Чувствую, как пряжка его ремня давит мне на живот, а в лёгкие проникает запах одеколона. По-прежнему очень вкусный. Тот самый — морской с едва уловимой горчинкой. Сейчас у меня от него почему-то начинает кружиться голова. Возможно из-за того, что в этом крохотном помещении слишком душно. А, может, потому что я не привыкла к такому тесному контакту с мужчиной…

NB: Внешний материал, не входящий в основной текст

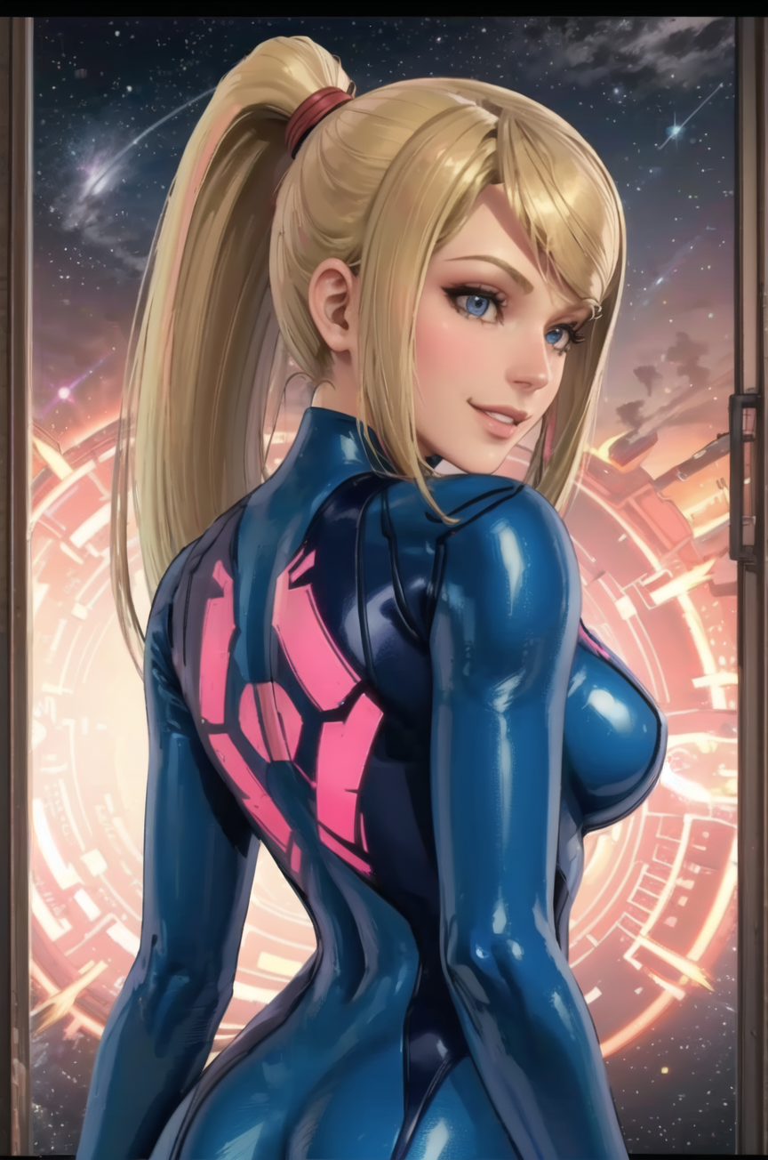 I've been meaning to do this for a bit. The objective of this Lora was to train it with SSB4 Samus look (the best one) and I think it mostly succeeds. There's a ton of bleeding when trying to use other outfits and you have to play with the weight to get other things to work, but the costume generation is pretty accurate and the general shape and details of her face work really nice. I'm happy with the results.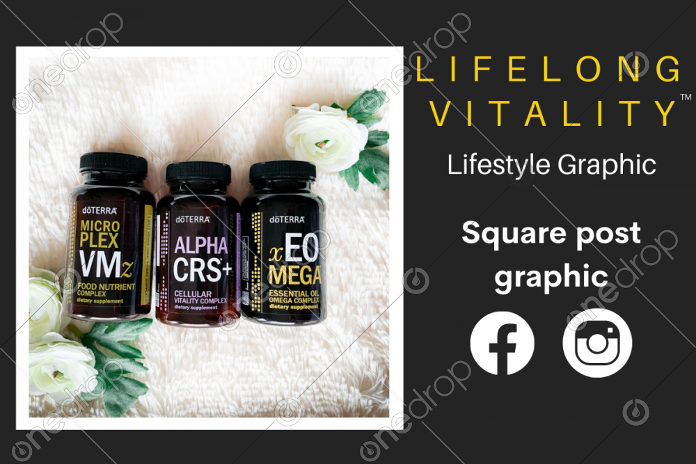 Lifelong Vitality™ LLV bottles with flowers on cream luxe background.

— Я запер дверь, — шепчет мне на ухо, и от его дыхания кожа моментально покрывается мурашками. А ещё от того, что грубая мужская щетина щекочет мочку. — Чтобы ты не удрала, пока я тут глаза промываю. Чем ты, кстати, в меня брызнула?

— Перцовым баллончиком… — почему-то отвечаю тоже шёпотом.

Задираю вверх голову и смотрю в глаза нависшего надо мной Горского. Они всё ещё очень красные. Намертво впиваются в моё лицо и как будто удерживают. У меня от этого тяжёлого взгляда кровь к голове приливает и начинает бешено стучать в висках. Проклятая пряжка давит на живот и там я тоже чувствую своё собственное сумасшедшее сердцебиение.

А в следующий момент прямо за моей спиной раздаётся характерный щелчок. Горский открывает дверь и от неожиданности я чуть не вываливаюсь наружу.

— Не собираюсь я тебя насиловать, Стрельникова, успокойся, — проходит мимо меня к своему столу и подхватывает с него ключи от машины. — Мы за ключами пришли. А теперь пойдём. Из-за тебя и так уже кучу времени просрали.

— Куда? — опомнившись, выхожу из туалета и непонимающе смотрю на мужчину, который уже успел распахнуть дверь кабинета. Его рубашка спереди вся мокрая, после того, как он вслепую пытался отмыть глаза.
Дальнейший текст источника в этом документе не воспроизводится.